# [TASK DESCRIPTION]
When a line below contains the string "green", show that line.
*** Begin section ***
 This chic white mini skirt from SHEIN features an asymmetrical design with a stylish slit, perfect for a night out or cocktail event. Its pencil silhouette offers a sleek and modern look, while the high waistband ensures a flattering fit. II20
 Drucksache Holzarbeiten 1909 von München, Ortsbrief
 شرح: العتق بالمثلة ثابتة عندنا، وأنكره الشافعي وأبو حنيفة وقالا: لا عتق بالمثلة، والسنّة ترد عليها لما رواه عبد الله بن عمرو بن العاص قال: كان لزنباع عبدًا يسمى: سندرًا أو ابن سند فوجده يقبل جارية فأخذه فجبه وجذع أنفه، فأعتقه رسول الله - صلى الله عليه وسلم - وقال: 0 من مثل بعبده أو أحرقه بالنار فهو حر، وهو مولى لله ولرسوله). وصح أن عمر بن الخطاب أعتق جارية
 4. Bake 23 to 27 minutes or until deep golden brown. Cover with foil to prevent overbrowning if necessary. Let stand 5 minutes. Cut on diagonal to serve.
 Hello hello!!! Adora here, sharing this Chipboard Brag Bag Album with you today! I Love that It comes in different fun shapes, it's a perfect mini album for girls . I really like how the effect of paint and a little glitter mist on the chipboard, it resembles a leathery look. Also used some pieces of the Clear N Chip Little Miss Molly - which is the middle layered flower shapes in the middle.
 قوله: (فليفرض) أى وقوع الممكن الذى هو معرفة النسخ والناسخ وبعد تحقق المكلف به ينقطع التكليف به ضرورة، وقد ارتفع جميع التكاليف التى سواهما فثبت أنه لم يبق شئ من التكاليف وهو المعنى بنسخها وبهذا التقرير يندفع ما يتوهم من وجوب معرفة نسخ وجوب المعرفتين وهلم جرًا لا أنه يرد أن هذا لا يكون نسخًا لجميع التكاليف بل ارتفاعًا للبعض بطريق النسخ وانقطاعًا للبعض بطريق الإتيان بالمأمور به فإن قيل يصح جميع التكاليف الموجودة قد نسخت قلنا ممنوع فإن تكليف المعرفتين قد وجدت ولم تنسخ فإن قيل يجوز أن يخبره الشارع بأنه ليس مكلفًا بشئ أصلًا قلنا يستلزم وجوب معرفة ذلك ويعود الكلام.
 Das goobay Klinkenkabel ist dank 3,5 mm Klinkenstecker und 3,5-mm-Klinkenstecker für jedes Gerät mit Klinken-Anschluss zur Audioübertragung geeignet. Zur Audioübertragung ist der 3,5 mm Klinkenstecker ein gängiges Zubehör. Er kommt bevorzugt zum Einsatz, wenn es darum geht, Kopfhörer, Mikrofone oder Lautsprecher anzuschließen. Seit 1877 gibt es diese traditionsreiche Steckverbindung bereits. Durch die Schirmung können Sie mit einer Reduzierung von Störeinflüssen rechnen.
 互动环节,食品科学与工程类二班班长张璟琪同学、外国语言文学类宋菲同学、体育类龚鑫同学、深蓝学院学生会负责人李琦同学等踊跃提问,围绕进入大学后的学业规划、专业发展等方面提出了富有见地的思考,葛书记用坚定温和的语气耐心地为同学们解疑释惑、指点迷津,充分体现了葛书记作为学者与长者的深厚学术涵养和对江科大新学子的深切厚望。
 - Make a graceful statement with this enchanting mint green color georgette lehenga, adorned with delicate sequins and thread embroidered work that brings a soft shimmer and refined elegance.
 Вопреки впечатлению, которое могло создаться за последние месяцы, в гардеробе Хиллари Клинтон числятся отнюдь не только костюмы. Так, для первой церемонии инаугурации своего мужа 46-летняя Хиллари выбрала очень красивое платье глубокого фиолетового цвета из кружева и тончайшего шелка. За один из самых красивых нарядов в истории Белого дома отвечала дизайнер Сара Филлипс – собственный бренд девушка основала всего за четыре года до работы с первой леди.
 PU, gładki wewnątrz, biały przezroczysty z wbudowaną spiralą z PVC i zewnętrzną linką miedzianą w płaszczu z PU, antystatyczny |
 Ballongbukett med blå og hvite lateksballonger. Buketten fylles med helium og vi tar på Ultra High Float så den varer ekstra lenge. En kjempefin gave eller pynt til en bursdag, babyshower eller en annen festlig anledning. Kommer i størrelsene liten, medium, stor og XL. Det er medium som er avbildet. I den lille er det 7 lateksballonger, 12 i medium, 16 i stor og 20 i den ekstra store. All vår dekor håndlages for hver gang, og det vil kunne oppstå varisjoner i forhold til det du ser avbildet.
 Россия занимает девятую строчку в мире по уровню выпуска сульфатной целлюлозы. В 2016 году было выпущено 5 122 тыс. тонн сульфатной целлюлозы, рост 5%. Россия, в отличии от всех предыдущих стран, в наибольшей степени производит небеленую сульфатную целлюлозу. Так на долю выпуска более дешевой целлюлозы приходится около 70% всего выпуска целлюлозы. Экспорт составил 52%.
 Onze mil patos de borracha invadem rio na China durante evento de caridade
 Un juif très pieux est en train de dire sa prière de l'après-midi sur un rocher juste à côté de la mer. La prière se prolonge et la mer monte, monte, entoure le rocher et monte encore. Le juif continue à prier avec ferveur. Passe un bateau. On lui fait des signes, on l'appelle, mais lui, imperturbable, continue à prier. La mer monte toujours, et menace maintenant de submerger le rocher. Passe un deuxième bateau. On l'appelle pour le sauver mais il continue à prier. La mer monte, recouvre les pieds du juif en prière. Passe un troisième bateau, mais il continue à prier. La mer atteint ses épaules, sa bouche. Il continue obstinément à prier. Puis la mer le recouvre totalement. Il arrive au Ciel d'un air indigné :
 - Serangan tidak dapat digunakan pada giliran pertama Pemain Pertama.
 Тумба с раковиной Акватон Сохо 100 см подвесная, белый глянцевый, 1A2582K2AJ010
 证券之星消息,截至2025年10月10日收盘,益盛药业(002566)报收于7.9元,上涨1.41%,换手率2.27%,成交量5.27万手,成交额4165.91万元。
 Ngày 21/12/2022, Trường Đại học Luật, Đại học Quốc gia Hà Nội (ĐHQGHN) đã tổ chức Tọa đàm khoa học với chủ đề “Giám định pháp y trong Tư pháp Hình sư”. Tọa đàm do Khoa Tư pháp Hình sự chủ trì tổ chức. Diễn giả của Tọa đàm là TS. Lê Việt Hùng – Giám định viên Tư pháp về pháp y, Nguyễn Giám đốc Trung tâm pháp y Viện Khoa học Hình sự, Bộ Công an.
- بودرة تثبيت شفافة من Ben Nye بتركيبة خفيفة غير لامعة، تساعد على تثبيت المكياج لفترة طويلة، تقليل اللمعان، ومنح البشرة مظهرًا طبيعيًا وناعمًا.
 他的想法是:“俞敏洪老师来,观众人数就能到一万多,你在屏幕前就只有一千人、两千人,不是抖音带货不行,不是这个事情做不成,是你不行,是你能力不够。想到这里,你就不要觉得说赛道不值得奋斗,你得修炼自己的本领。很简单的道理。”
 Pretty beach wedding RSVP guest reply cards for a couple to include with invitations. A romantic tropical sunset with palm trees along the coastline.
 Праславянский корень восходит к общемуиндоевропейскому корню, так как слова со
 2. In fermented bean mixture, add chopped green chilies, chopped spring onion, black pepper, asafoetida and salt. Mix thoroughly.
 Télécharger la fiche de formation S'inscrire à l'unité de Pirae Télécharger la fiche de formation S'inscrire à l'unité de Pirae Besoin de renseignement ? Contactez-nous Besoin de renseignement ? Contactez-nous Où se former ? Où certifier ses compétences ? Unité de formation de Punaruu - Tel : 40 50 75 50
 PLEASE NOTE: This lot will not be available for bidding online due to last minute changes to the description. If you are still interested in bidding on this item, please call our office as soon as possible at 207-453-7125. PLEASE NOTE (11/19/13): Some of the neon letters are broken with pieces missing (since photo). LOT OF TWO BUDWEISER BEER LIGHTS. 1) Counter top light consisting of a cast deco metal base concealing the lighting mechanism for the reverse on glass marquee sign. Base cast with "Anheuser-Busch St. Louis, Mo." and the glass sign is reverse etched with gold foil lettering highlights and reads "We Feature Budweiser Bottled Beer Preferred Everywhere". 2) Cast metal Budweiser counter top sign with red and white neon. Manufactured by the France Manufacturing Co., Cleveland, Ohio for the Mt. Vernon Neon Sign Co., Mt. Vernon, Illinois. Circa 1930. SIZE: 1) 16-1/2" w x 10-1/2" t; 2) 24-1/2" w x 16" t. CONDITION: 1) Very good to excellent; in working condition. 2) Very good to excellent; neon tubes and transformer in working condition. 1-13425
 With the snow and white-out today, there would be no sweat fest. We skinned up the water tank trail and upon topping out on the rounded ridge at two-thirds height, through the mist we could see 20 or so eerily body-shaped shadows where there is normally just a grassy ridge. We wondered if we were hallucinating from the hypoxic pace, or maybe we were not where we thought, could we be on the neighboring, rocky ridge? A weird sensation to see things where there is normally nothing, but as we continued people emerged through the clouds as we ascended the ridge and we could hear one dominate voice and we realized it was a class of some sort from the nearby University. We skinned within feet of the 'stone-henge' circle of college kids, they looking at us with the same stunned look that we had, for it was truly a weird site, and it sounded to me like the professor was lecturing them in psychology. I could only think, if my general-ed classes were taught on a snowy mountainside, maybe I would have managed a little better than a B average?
*** End section ***
# [OUTPUT OF THE EXERCISE]
 - Make a graceful statement with this enchanting mint green color georgette lehenga, adorned with delicate sequins and thread embroidered work that brings a soft shimmer and refined elegance.
 2. In fermented bean mixture, add chopped green chilies, chopped spring onion, black pepper, asafoetida and salt. Mix thoroughly.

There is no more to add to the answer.